For determining protein structures
ARGONNE, Ill. (July 1, 2005) – Proteins are the molecular machines that make growth possible, and understanding their structure is key to developing pharmaceuticals, A new window to that understanding is being made possible under a $50 million grant to the U.S. Department of Energy's Argonne National Laboratory.
The grant, from the National Institutes of Health, provides funds for the Midwest Center for Structural Genomics, a large-scale center of the Protein Structure Initiative headed by Argonne's Andrezej Joachimiak, principal investigator on the project. With this funding, Argonne researchers, in collaboration with biologists from around the world, will expand the information available to researchers for biomedically important proteins from humans and pathogens.
The key to understanding a protein is being able to see it. Proteins, because they are so small, can only be seen using intense X-ray sources, such as the Advanced Photon Source at Argonne. Using X-rays to produce an image of protein is often called "determining the structure" of the protein. The researchers are refining existing methods for structure determination, making a process that used to take years into an automated pipeline that can be completed in weeks. The automated process allows structure determination that used to cost more than $500,000 per structure to now be accomplished for less than $50,000. The process is now producing more than 250 protein structures each year. Ultimately, the project seeks to determine the structures of enough proteins that the structures of any new ones could be computed on the basis of structures already known.
"The project in structural genomics is a complex one, combining the fields of biology, computer science and physics to do that work," said Bob Rosner, Argonne director. "Biologists are finding new ways to quickly copy proteins for analysis; computer scientists are developing faster computers and computer programs to deal with the massive amounts of data and provide computer models of the information; and physicists have developed what is called a third generation synchrotron which provides the world's most brilliant X-rays to aid in research." That third generation synchrotron at Argonne, the Advanced Photon Source, is one of only three such machines in the world, and the only one in the Western Hemisphere.

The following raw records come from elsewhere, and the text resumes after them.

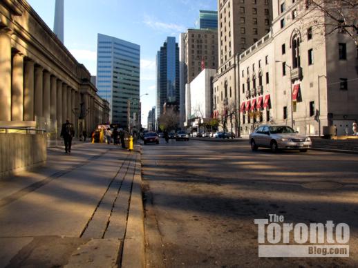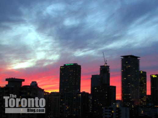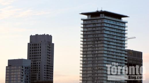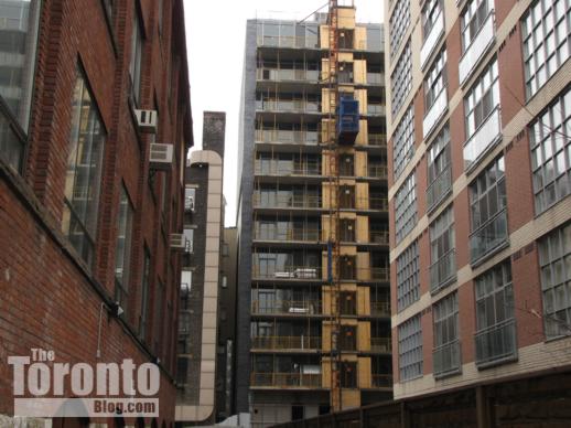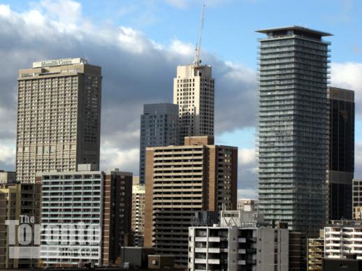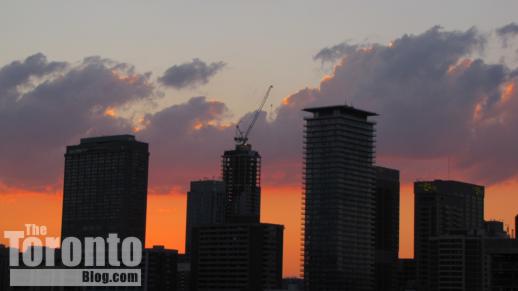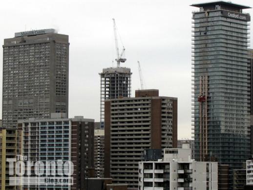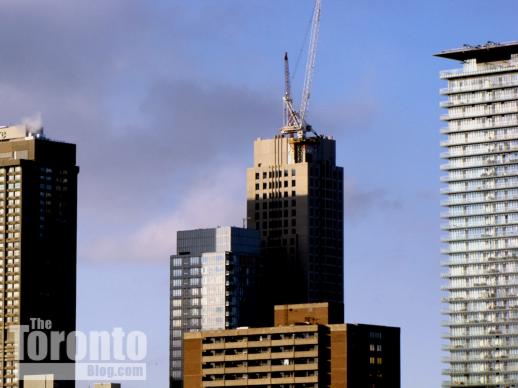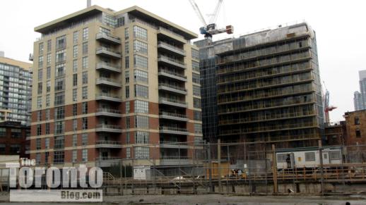Southwest view towards downtown Toronto’s Financial District towers from the construction zone along Sumach Street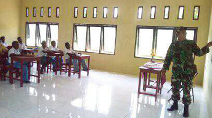 Sorong, Tambrauw – Anggota Koramil 1704-02/Sausapor Koptu Acon Frans melaksanakan Binwanwil dengan memberikan pengetahuan Wawasan Kebangsaan kepada siswa/siswi SMA Negeri Di Kampung Fef, Distrik Fef, Kab Tambrauw, Kamis (15/06/2017).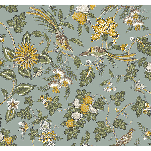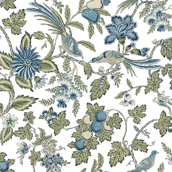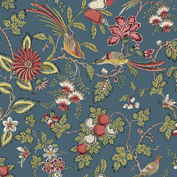 In a controlled exuberance, Parterre unfolds a Jacobian motif with generous floral figures. This wallpaper from York Wallcoverings shows birds perched on fruity branches, surrounded by opulent foliage. Each line is drawn in a balance between decorative richness and graphic refinement. This wallcovering infuses the walls with narrative depth.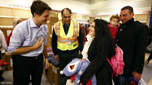 رئيس الوزراء الكندي يستقبل أول فوج للاجئين السوريين بمطار تورونتو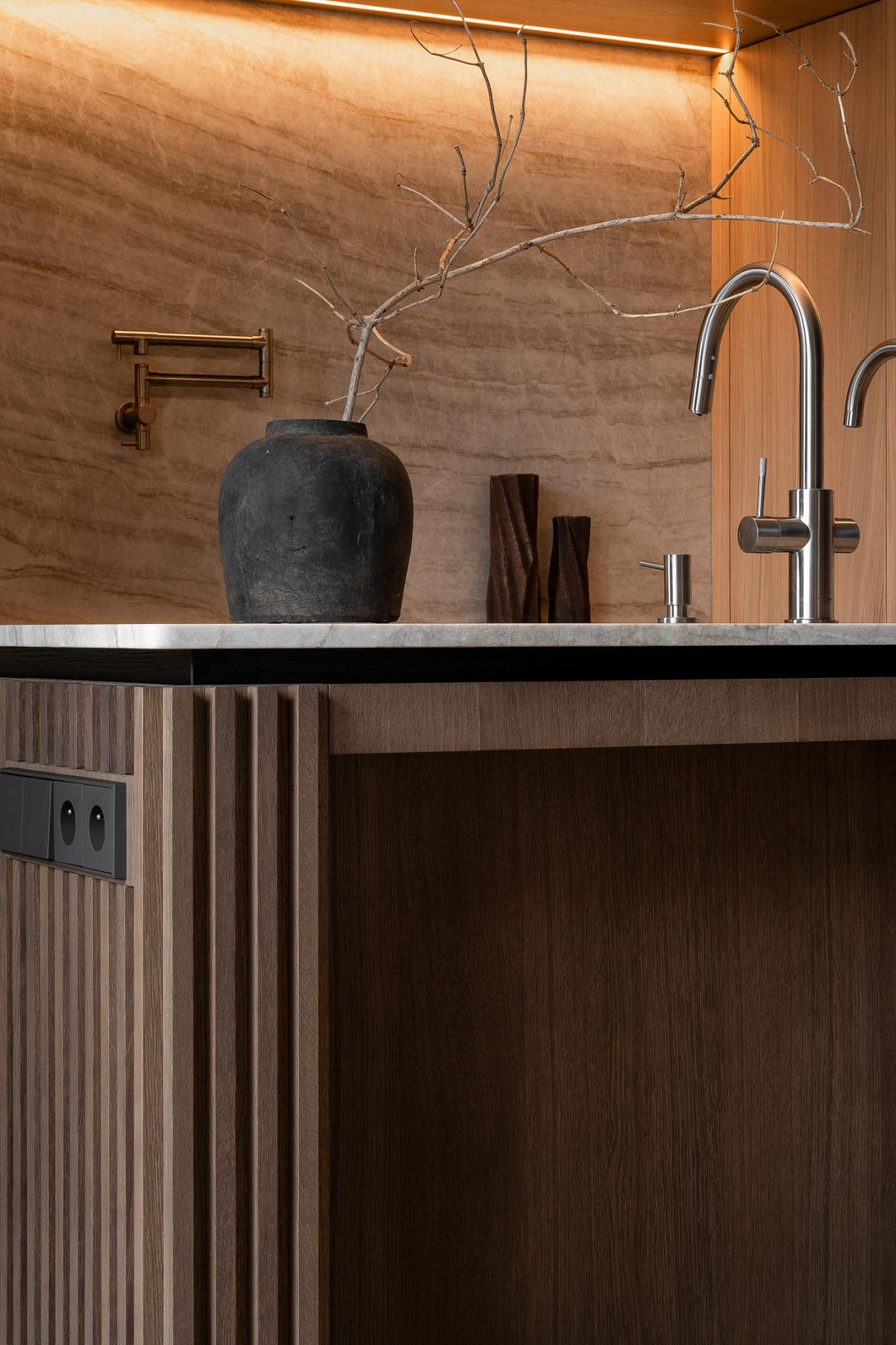 Drewno nadaje charakter kuchni. Szlachetna zabudowa fornirowana dębem poddana jest naczelnej zasadzie ergonomii, kryje w sobie także zaawansowane rozwiązania techniczne. Podświetlane szuflady otwierają się i zamykają lekko dzięki mechanizmom elektrycznym. A za sprawą odpowiednich urządzeń z kranu płynie nie tylko gorąca woda, idealna np. do zaparzenia herbaty, ale też zimna woda gazowana. – Dokonujemy rozważnych zakupów, bardzo szanujemy jedzenie, nie kumulujemy plastiku. Od roku nie kupiliśmy ani jednej butelki z wodą – mówi ze słuszną dumą gospodyni.

Researchers using the Advanced Photon Source have so far determined nearly 300 different three-dimensional protein structures and contributed the images and information to the International Protein Data Bank, which provides them to researchers worldwide, who use the structures both to identify diseases and to create formulas for medicines to prevent or cure the diseases. The structures have ranged from anthrax to SARS.
The new effort will involve cloning and expressing genes and gene fragments of from microbes, plants, animals and humans; purifying and crystallizing the proteins; collecting the data; and analyzing the structures.
"The near-term goal is to provide the technological basis for rapid determination of the remaining fundamental protein structures – a concept made possible by the emerging comprehensive genomic data and the data generation capacity of third-generation synchrotrons and advances in computer science and technology," explained Lee Makowski, director of Argonne's Biosciences Division. "Achieving this goal requires enhancement of all the methods involved in protein production, crystal growth, structure determination, and structural model generation and refinement. This approach will have broad and long-lasting importance to much biomedical research as well as for its immediate goal of facilitating the development of the new discipline known as structural genomics. We plan to solve quickly large number of 'easy" targets, and in the process we will develop new, more advanced tools, methods and approaches that can be applied to unsolved and more difficult projects."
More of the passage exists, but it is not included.